Are You a Kind Person?
One Test Will Tell You
David Mills for The Stream
The old man in front of me read the instructions, apparently two or three times. He pulled the little coffee pod out of the bin and stared at it for a few seconds before carefully putting it into the coffee maker. He stared at it for a couple of seconds before slowly, slowly, closing the lid. “At last,” I thought. He then waited a few more seconds before he pressed the “brew” button.
I wanted to scream.
The Test
All I wanted to do was get my coffee and read while my wife saw the doctor. This old codger turned a ten-second operation into a two-minute marathon. And then we had to wait for his coffee to brew. And then I had to wait for him to prepare it, because of course he had to think about everything, looking at the sugar packet as if he’d never seen one before.
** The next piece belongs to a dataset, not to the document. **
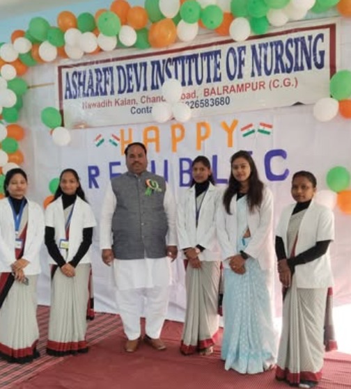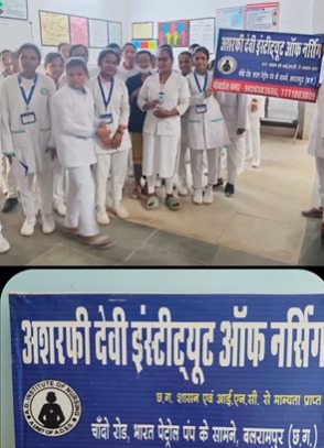 Ashrafi Devi Institute of Nursing is located in Balrampur district ofChhattisgarh, is a private institution established in 2015. The institute is approved by the Indian Nursing Council (INC) and is committed to providing quality nursing education that blends academic excellence with practical training. The college offers undergraduate programs such as B.Sc. Nursing and General Nursing & Midwifery (GNM), both aimed at preparing students to become competent and compassionate nursing professionals capable of serving in diverse healthcare settings. The institute maintains a supportive and student-centered environment with a team of qualified and dedicated faculty members who mentor and guide learners throughout their studies. The campus is equipped with modern classrooms, advanced laboratories, and a well-stocked library offering an extensive collection of nursing and medical books, journals, and digital resources. To encourage holistic development, the college also promotes sports and extracurricular activities, providing facilities for both indoor and outdoor games that help students maintain physical fitness and teamwork skills. Additionally, hostel accommodation, transport service.The college gives proper clinical training for students.

You’ve been there, I suspect. And maybe felt the way I did. It’s a great test of how much you care for others or for yourself instead. When watching an old man making coffee in a Keurig, do you wait happily or wish he’d go sit down? Do you think about how hard it is for him at his age or fume about having to stand there waiting? Do you stand in line looking like you have all the time in the world or do you radiate annoyance? If you put your thoughts into words, do you think of his movements as “deliberate” or as “slow” or “elderly”?
This happens to me a lot. Most of the time I have the same struggle to think about the person who is adding minutes of down time to my life when I’d really like to be moving on and getting something done. It happens a lot at the grocery store, since I always go to one of the lines with a real clerk, to do a little to help the people there keep their jobs and not be replaced by machines.
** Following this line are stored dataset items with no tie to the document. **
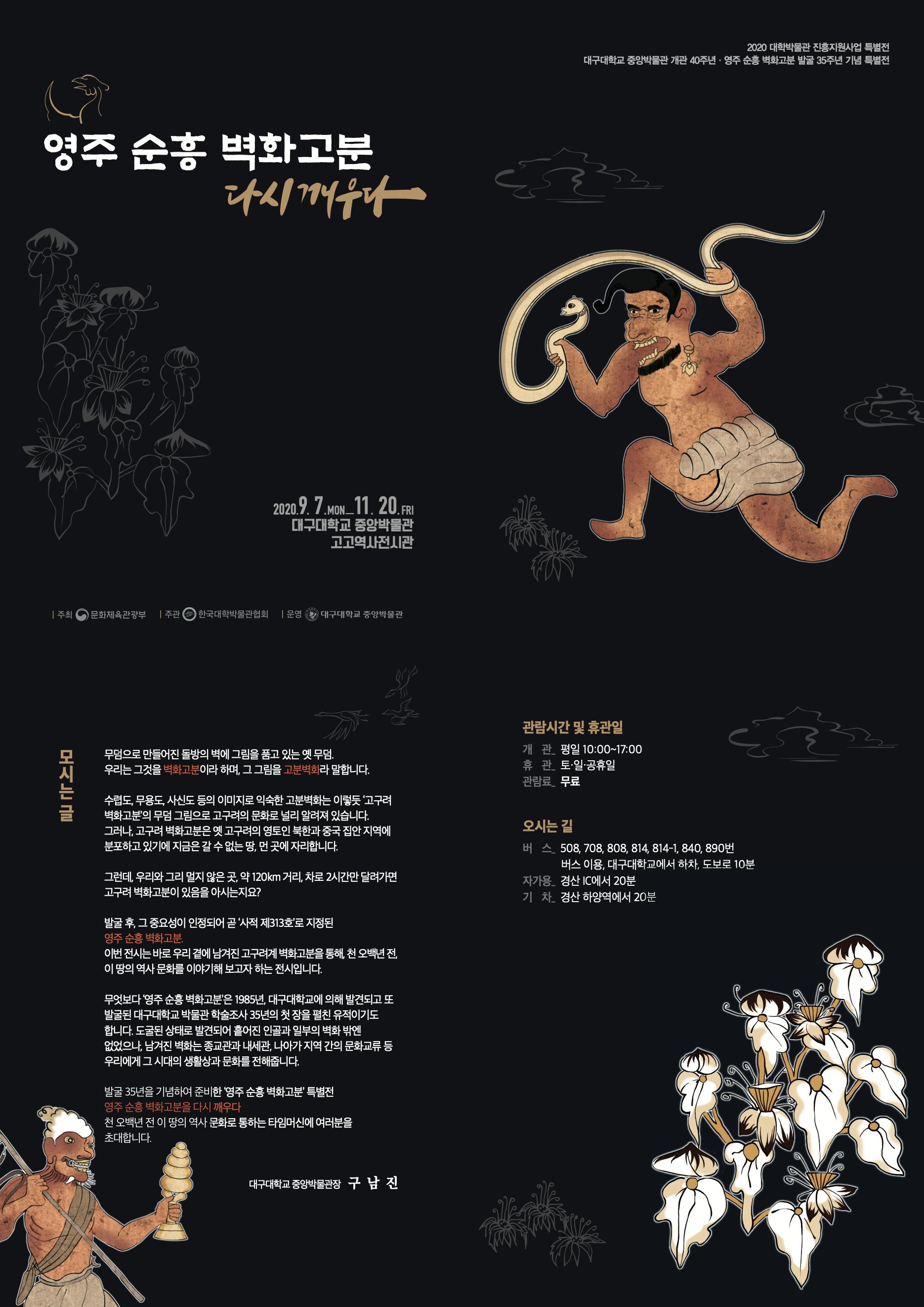 539년 이 땅의 역사 문화를 품은 ‘영주 순흥 벽화고분’을 발굴 35년 만에 다시금 대중 앞으로 성큼 일으켜 세운 이번 특별전, 전시 타이틀도 [영주 순흥 벽화고분_다시 깨우다] 이다.
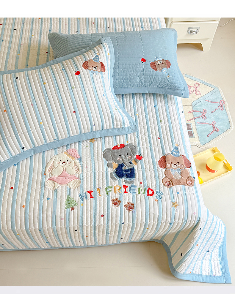 (总)优贝家纺 2026新款高克重水洗棉云感棉印+贴布绣卡通床盖夹棉软席三件套
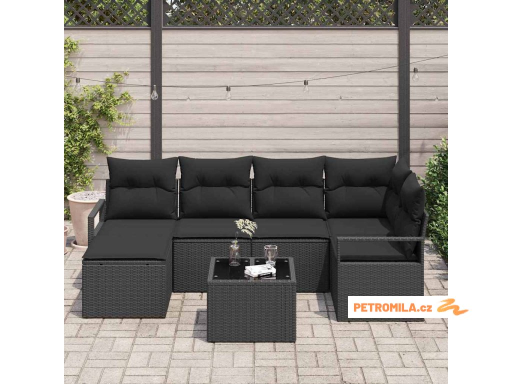 Sada zahradních pohovek s polštářem s úložištěm 7 pcs Černá
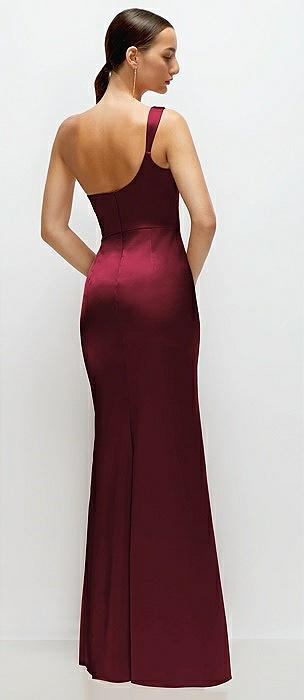 One-Shoulder Cat-Eye Neckline Fit and Flare Satin Maxi Dress in cabernet

And in line in front of me will be someone slowly, slowly sorting through coupons and giving the cashier ones that are months out of date, or cheerfully going through his pockets to give the cashier the exact change, until he decides that he doesn’t have enough after all, or forgetting the pin for his atm card, which he’s put in upside down, or deciding just to have a good old down-home chat with the cashier.
I want to scream.
Your Attitude
Usually. Sometimes I do better. I’m working on doing better. Because in these frustratingly slow people, God is asking me, “Do you love them or yourself more?” He’s also reminding me that “As you do to the least of these, you do to me.” And asking me, I think, “Just who do you think you are?”
These situations test your attitude. Maybe even your heart. I say “attitude” because how you deal with them expresses your real feelings, before the kinder part of your brain catches it and makes you think a kinder thought. It also tests how much you see others, at least old men monopolizing the Keurig maker, in terms of their effect on your desires and not for themselves.
When I wrote about the old man on Facebook, Will Duquette responded with a story of his own. “I saw an old lady at a burger joint the other day,” he said. “While her younger companion went to order, she sat down and very carefully laid out napkins and plastic utensils, and her movements were both slow and extremely deliberate. I had the sense that she was being extremely careful, that it took great concentration, that she couldn’t do it any faster, and that it was important to her. It made me think of times when I’ve been horribly sleep deprived and even positioning a fork seems like a heavy burden, and I wondered if her life was like that all of the time.”
Admittedly, Will wasn’t being provoked at the time. But still, be like him. Look at the person in your way, the person complicating your life, as someone God loves, someone who is doing his best and may be doing it heroically well. Try to see the challenge he’s facing from his point of view. If you can’t, or even if you can, pray for him. Bring your racing, complaining mind to a complete stop. Pray for him, while looking at him. You’ll see the annoying person differently, a little more the way God wants you to see him. You might even forget about yourself.